Write out every line of the material as it stands, apart from the pictures.
(LISTED RECORDS)
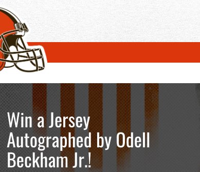 Enter to win a Cleveland Browns jersey signed by Odell Beckham Jr. Register to enter for a chance win! Share this sweepstake via your social networks to increase your chance of winning by getting extra entries!
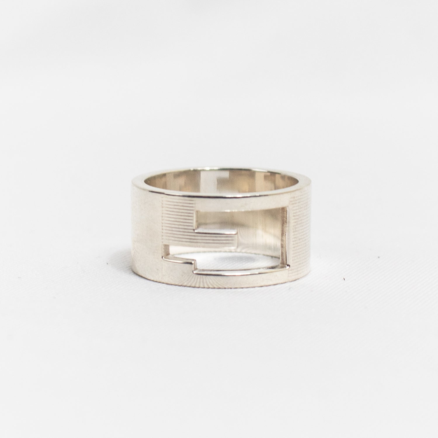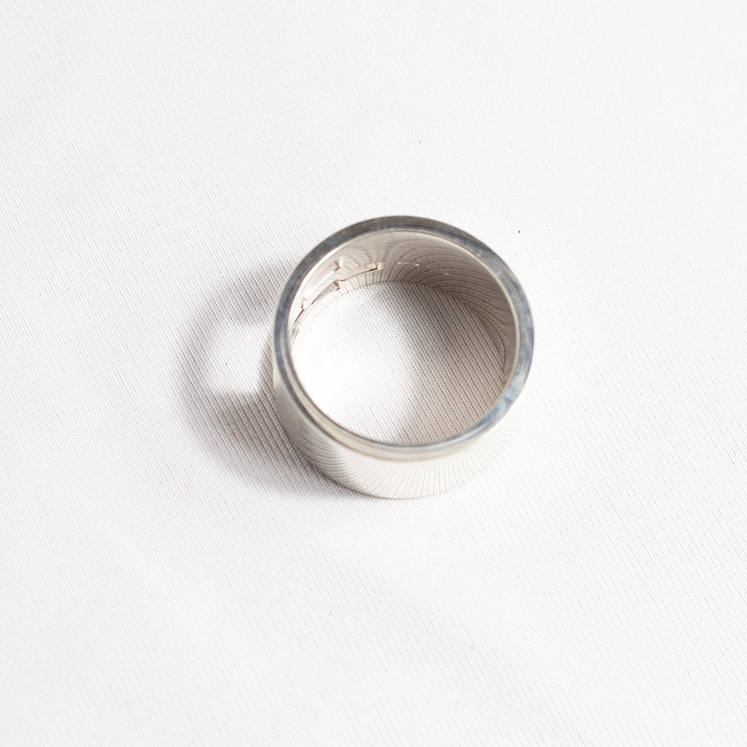 Anel largo em prata com detalhes geométricos, conferindo-lhe um design peculiar, inteiramente em tom prateado.
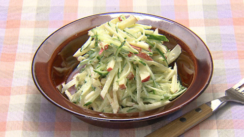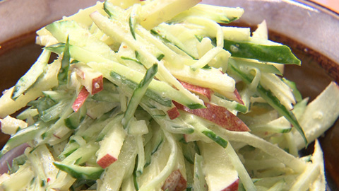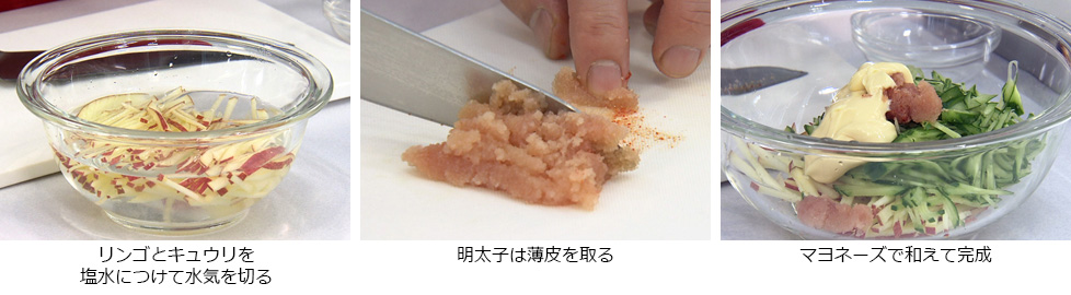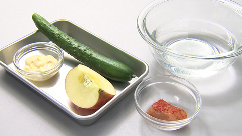 カットしたリンゴとキュウリを塩水につけて洗い、しっかり水気を切る。
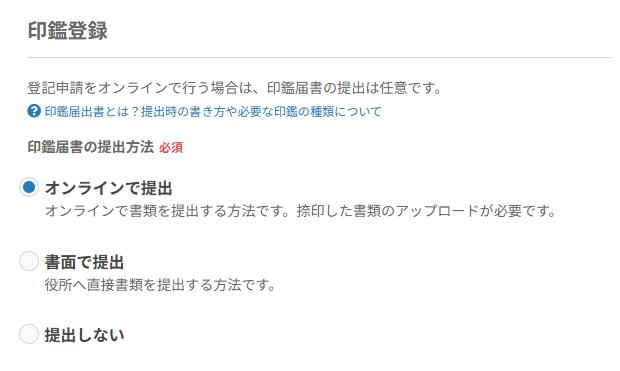 - 「印鑑登録」で印鑑届書の提出方法を選択します。<ご注意>
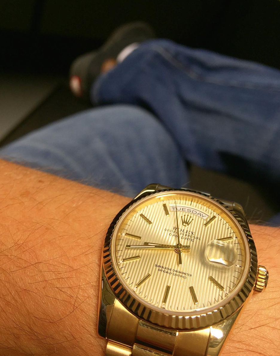 Rolex Day-Date Full-set Ref. 118238 produced in 2001 with a 36mm case made of 18k yellow gold housing a tapestry dial surrounded by an 18k yellow gold fluted bezel. This piece is powered by Caliber 3155.
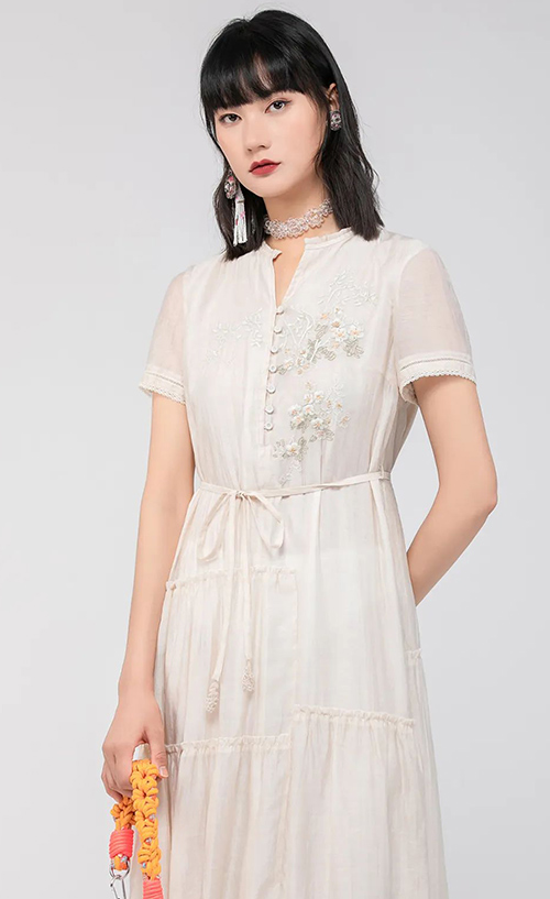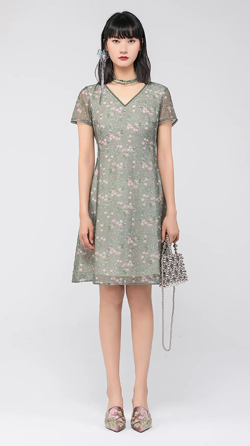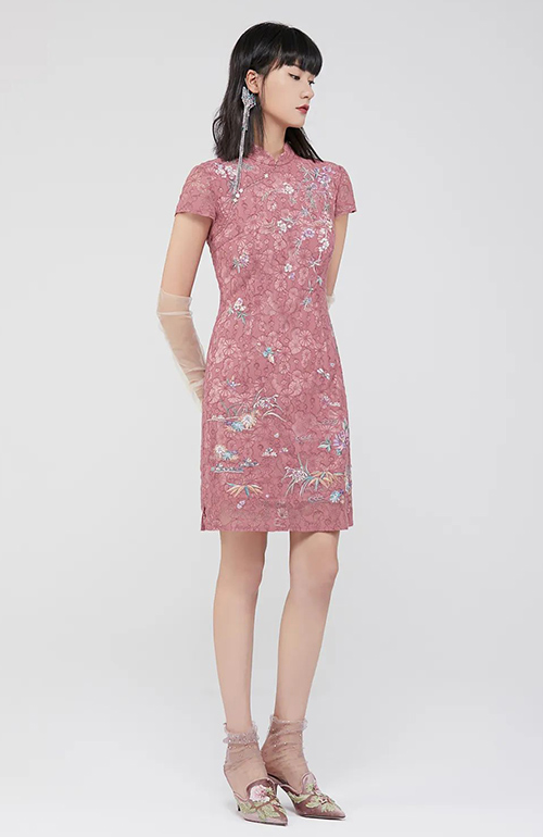 镂空提花+粉彩花鸟刺绣,从细节提升整体精致度。版型保留传统旗袍的经典韵味,融合蕾丝元素,打造新中式美学。
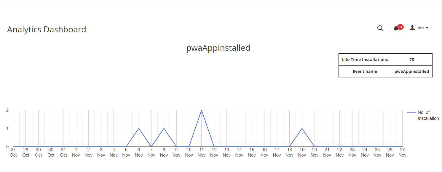- PWA analytic dashboard which gives you a live event tracking data visually.
(End LISTED RECORDS)
__EXERCISE ANSWER__
 Enter to win a Cleveland Browns jersey signed by Odell Beckham Jr. Register to enter for a chance win! Share this sweepstake via your social networks to increase your chance of winning by getting extra entries!
 Anel largo em prata com detalhes geométricos, conferindo-lhe um design peculiar, inteiramente em tom prateado.
 カットしたリンゴとキュウリを塩水につけて洗い、しっかり水気を切る。
 - 「印鑑登録」で印鑑届書の提出方法を選択します。<ご注意>
 Rolex Day-Date Full-set Ref. 118238 produced in 2001 with a 36mm case made of 18k yellow gold housing a tapestry dial surrounded by an 18k yellow gold fluted bezel. This piece is powered by Caliber 3155.
 镂空提花+粉彩花鸟刺绣,从细节提升整体精致度。版型保留传统旗袍的经典韵味,融合蕾丝元素,打造新中式美学。
- PWA analytic dashboard which gives you a live event tracking data visually.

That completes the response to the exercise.